La raison de cet accroissement spectaculaire, favorisé par l’augmentation des niveaux de vie de la classe moyenne et la multiplication des grandes fortunes (50% des enfants de milliardaires étudiaient à l’étranger), était que le système éducatif chinois restait toujours handicapé par des méthodes surannées d’enseignement, basées sur l’apprentissage par la mémorisation, sanctionné par des examens rigides, peu favorables au développement de la créativité et des capacités d’analyse.
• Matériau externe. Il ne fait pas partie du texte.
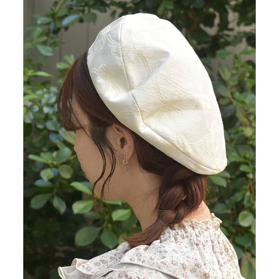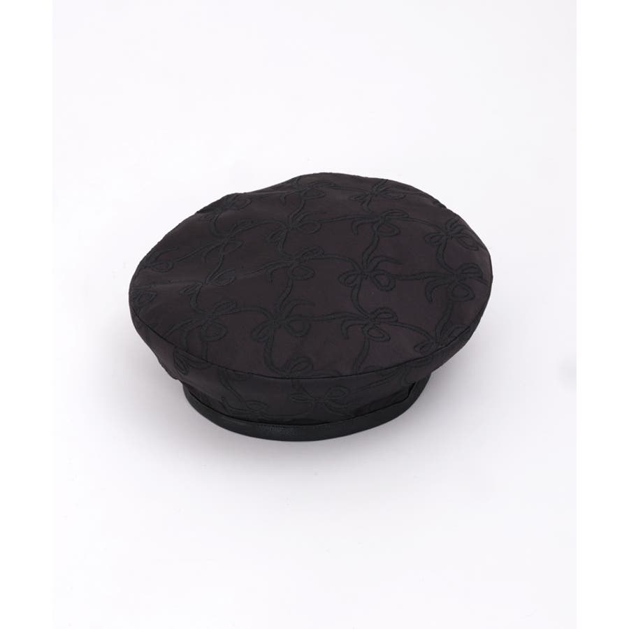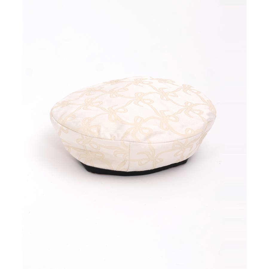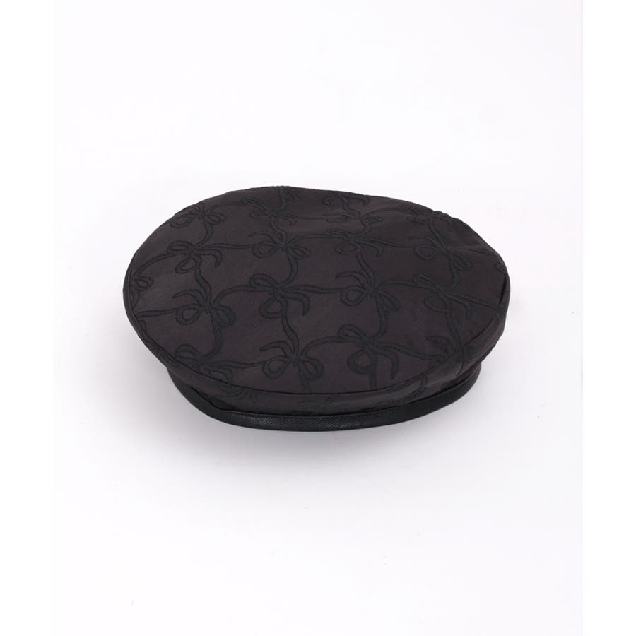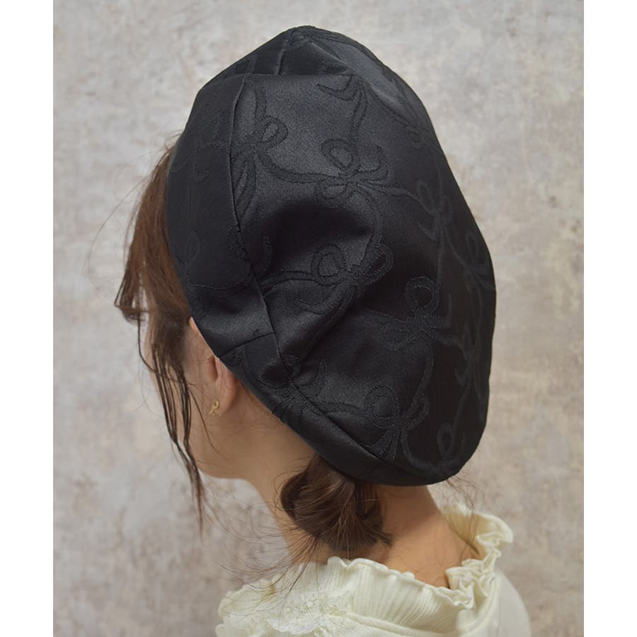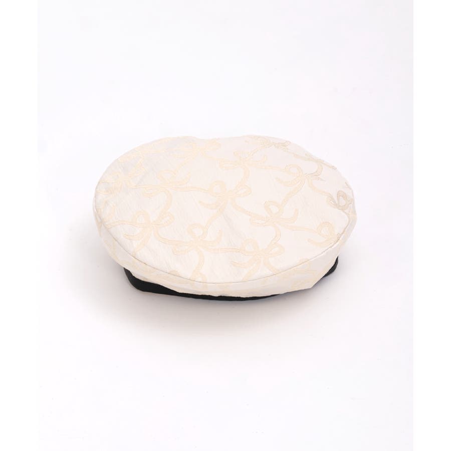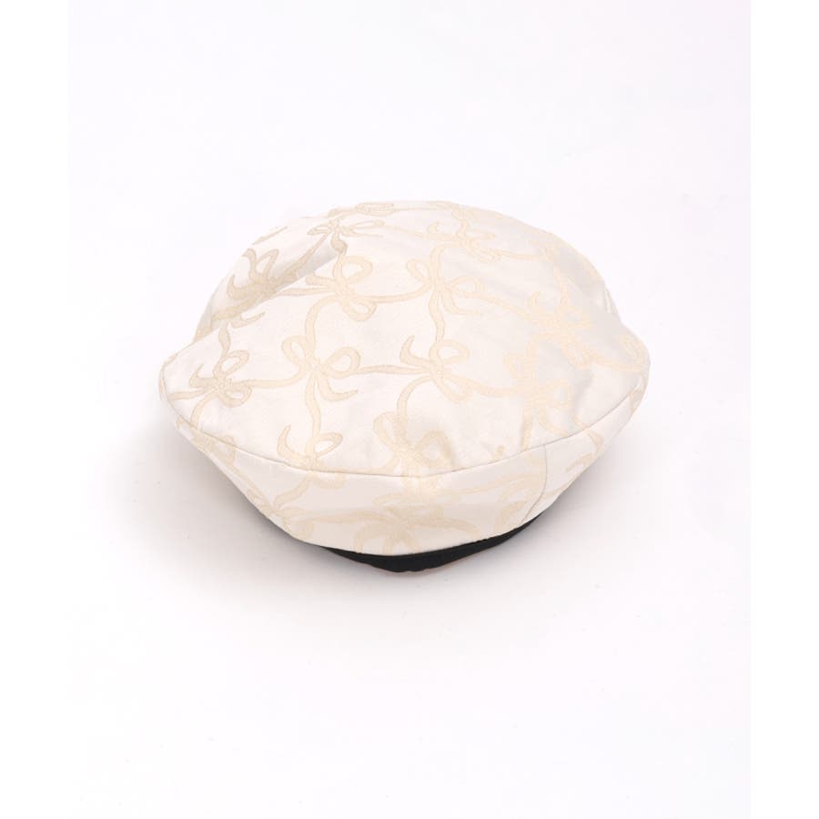 光沢が美しいジャガード生地にリボンの総柄を組み合わせたデザイン。

A quoi s’ajoutent de considérables disparités entre les niveaux des universités.

Jiang Xueqin, un jeune enseignant chinois, aujourd’hui vice-directeur du Collège attaché à l’Université de Pékin - Beijing Daxue Fushu Zhongxue 北京大學附屬中學 -,mais ayant eu une solide expérience internationale comme attaché de presse aux Nations Unies, confirme cette analyse : « Les entreprises étrangères comme les Chinoises se plaignent de la qualité des diplômés issus des universités chinoises : ils sont incapables de travailler de manière indépendante, mais en même temps sont peu doués pour les relations sociales et souvent trop arrogants pour apprendre de nouvelles techniques ».

Il est cependant intéressant de noter que le même Jiang, prenant en compte les lourdes contraintes de la situation chinoise, accablée par le nombre, le manque de ressources financières, la culture des passes droits et la faiblesse de l’état de droit, s’est récemment exprimé pour défendre le « Gaokao », ce sésame vers l’université, presqu’uniquement fondé sur la capacité de mémorisation, et considéré par lui comme un moindre mal.

Son argumentation s’articule non seulement autour du manque de ressources financières, talon d’Achille de tous les projets sociaux ou éducatifs, mais également sur l’inégalité fondamentales entre les candidats issus des familles riches et les pauvres, entre ceux ayant baigné dans un univers cultivé et ceux qui en seront toujours privés.

Il dénonce aussi les passes droits qui s’expriment déjà aujourd’hui et dont les effets seraient encore plus injustes si les candidats issus des milieux défavorisés ne pouvaient pas se prévaloir de leur mémoire pour équilibrer les avantages financiers, culturels et sociaux dont bénéficient les enfants des « riches ».

Sa conclusion est marquée d’un solide réalisme et teintée de résignation : « Si après avoir supprimé le « Gaokao », on voulait instituer un système juste et équilibré, il est fort probable que les considérations de justice et d’égalité des chances, conduiraient à recréer un autre « Gaokao », assez proche de celui qui existe aujourd’hui, seule alternative viable.

Certes l’image des enfants apprenant par cœur et régurgitant mécaniquement ce qu’ils ont emmagasiné est décourageante. Pour le reste de leurs jours, ils souffriront du manque d’initiative, d’imagination, et de jugement.

Mais la plupart des gens oublient que, dans l’absence totale de confiance qui entourerait une sélection basée sur un examen oral, ajoutée à la pauvreté générale des étudiants qui les prive des moyens de corrompre les examinateurs, le Gaokao, tel qu’il existe, reste pour le meilleur et pour le pire, la manière la plus juste et la plus humaine de redistribuer les faibles ressources dédiées à l’éducation ».